5.2.3 Naming Convention

While the aforementioned Standard Program Structure and the Standard Function Structure regulate what should be presented when developing code it is still unclear how functions, arguments, objects, classes or files should be named. Naming things is considered one of the more tricky parts in computer science. As it may be complicated to change e.g. a function name after it has been heavily used in other functions one needs to adopt a clear and vivid naming scheme. This also ensures that named functions, classes, etc. speak for themselves and is essential to produce readable and self-explaining code.

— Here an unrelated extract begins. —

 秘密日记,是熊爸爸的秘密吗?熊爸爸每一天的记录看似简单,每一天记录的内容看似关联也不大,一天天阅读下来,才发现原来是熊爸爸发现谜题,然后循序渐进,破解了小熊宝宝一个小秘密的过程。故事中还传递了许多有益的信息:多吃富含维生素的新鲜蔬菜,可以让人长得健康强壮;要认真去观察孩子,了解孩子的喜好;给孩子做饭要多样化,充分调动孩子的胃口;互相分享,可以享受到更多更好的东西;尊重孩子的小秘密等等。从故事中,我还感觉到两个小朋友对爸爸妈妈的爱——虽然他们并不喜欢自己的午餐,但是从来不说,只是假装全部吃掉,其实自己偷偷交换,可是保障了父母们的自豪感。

The following list shows some popular naming conventions that all more or less frequently occur in several programming languages. Of course, not all developers that produce and distribute R software follow the same naming conventions. The function names given in the list below are R functions to illustrate how and where the respective naming scheme can be found within R. The shown list including some additional discussion can be found in the R Journal.

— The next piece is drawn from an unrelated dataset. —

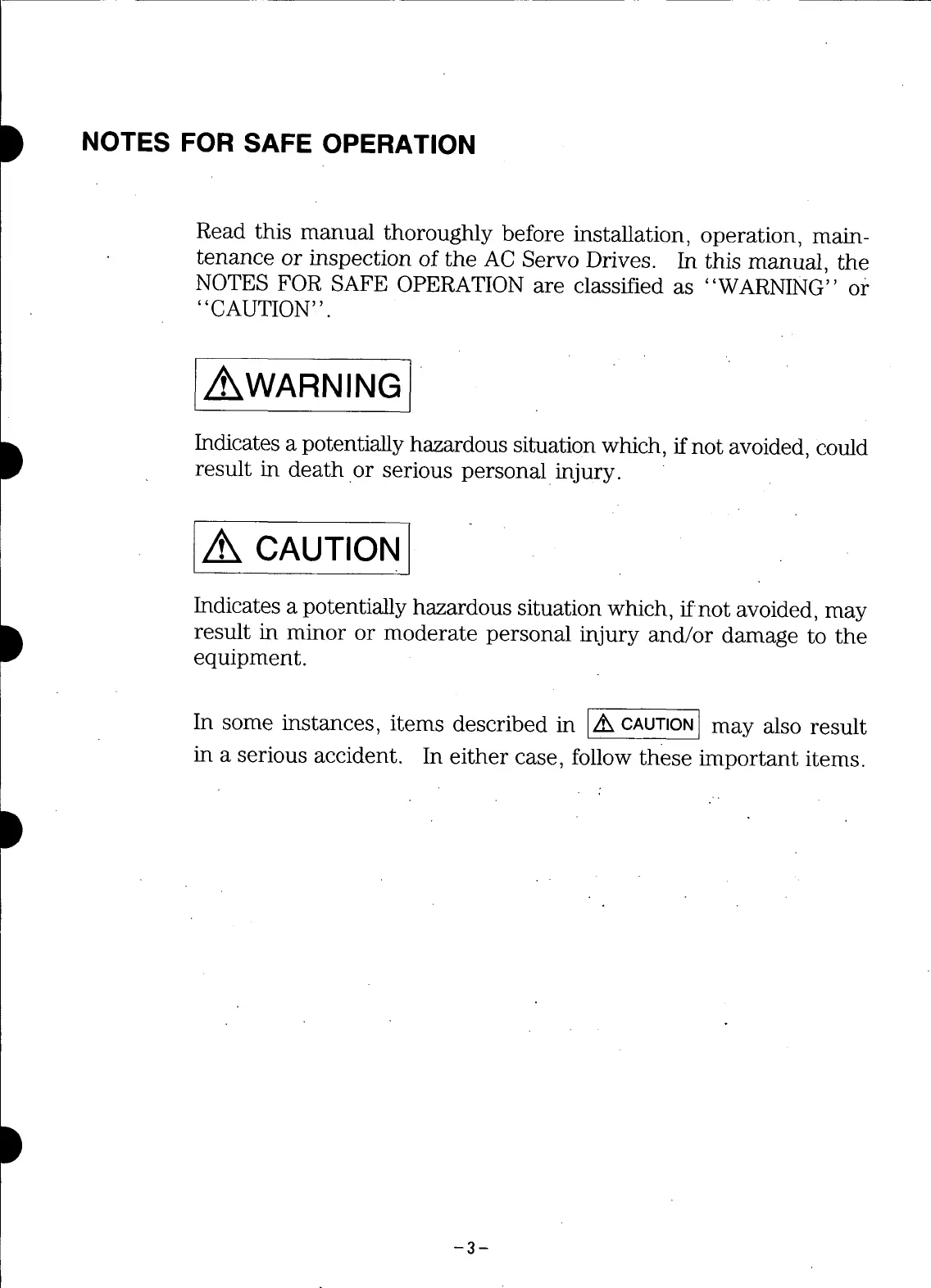 NOTES FOR SAFE OPERATION are classified as "WARNING" or

alllowercase: All letters are lower case and no separator is used in names consisting of multiple words as in searchpaths or srcfilecopy. This naming convention is common in MATLAB. Note that a single lowercase name, such as mean, conforms to all conventions but UpperCamelCase.
period.separated: All letters are lower case and multiple words are separated by a period. This naming convention is unique to R and used in many core functions such as as.numeric or read.table.
underscore_separated: All letters are lower case and multiple words are separated by an underscore as in seq_along or package_version. This naming convention is used for function and variable names in many languages including C++, Perl, and Ruby.
lowerCamelCase: Single word names consist of lower case letters and in names consisting of more than one word all, except the first word, are capitalized as in colMeans or suppressPackageStartupMessage. This naming convention is used, for example, for method names in Java and JavaScript.
UpperCamelCase: All words are capitalized both when the name consists of a single word, as in Vectorize, or multiple words, as in NextMethod. This naming convention is used for class names in many languages including Java, Python, and JavaScript.

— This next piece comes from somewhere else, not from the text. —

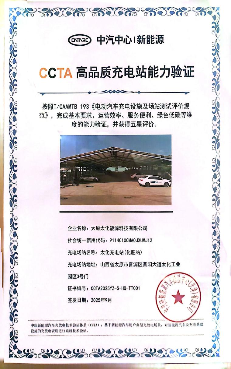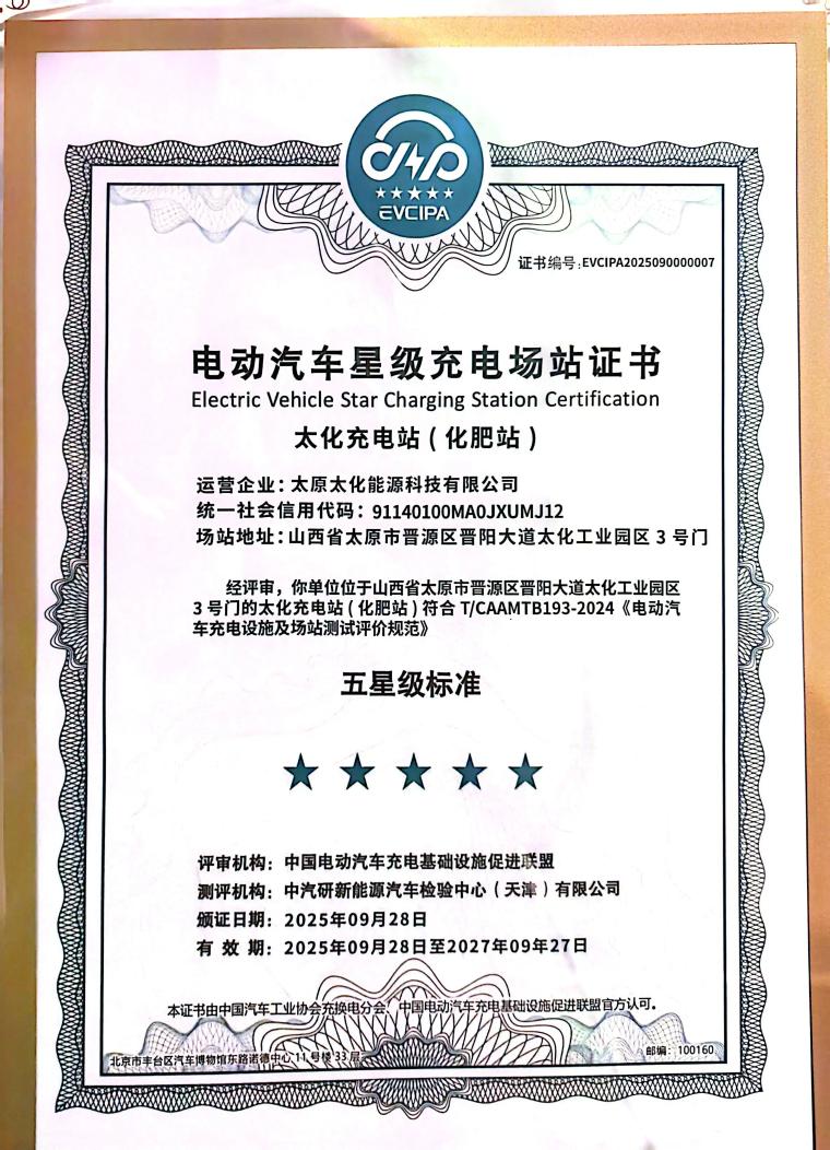 日前,在中国电动汽车充电基础设施促进联盟(以下简称“中国充电联盟”)发布的星级充电场站评定结果中,太化集团能源科技公司充电站(化肥站)凭借在安全管理、运营效率、服务品质等方面的突出表现,荣获“五星级充电场站”殊荣,成为太原区域内充电服务标杆。

When working in professional software development teams or joining existing projects one usually has to adapt to the defined naming convention. However, when developing alone one should still follow some rules. A good set of rules to follow are these ones:

A Personal Naming Convention

This naming convention applies to variables, functions, and R files. Files that contain R code are always saved with the extension .R.
All names are self-explaining English words, usually not abbreviated and at least 3 letters long. I use the singular even if numerous entries are expected. Example: price, duration, strike.
Names for objects and functions use the lowerCamelCase naming scheme with the modifications listed below.
Exceptions to (1) and (2) are widely used single-letter symbols and widely used acronyms. For both, I use only uppercase letters. Examples: X, Y in regression analysis or FFT, GDP.
Uppercase letters concatenate words. The following rules apply to concatenated names: – Names of variables start with the most general term and end with the most specific (the latter usually denoting a certain method). Examples: optionPriceFFT, optionPriceAnalytic, optionStrike. – Names of functions start with the name of the project, followed by the object of the function, what it does and finally the specific method. Examples: wishartOptionPricingFFT, wishartOptionPricingCosfft, wishartOptionPlotting.
To avoid confusion, I use the prefix “my”. This may be necessary if one variable is used locally to calculate a variant of a model or if the name conflicts with an existing R command. Example: myLinearModel, myDate.
Use common Sense and be CONSISTENT! When you reach a point, where the naming convention fails do not use it in this special case and check if it needs to be adapted and improved.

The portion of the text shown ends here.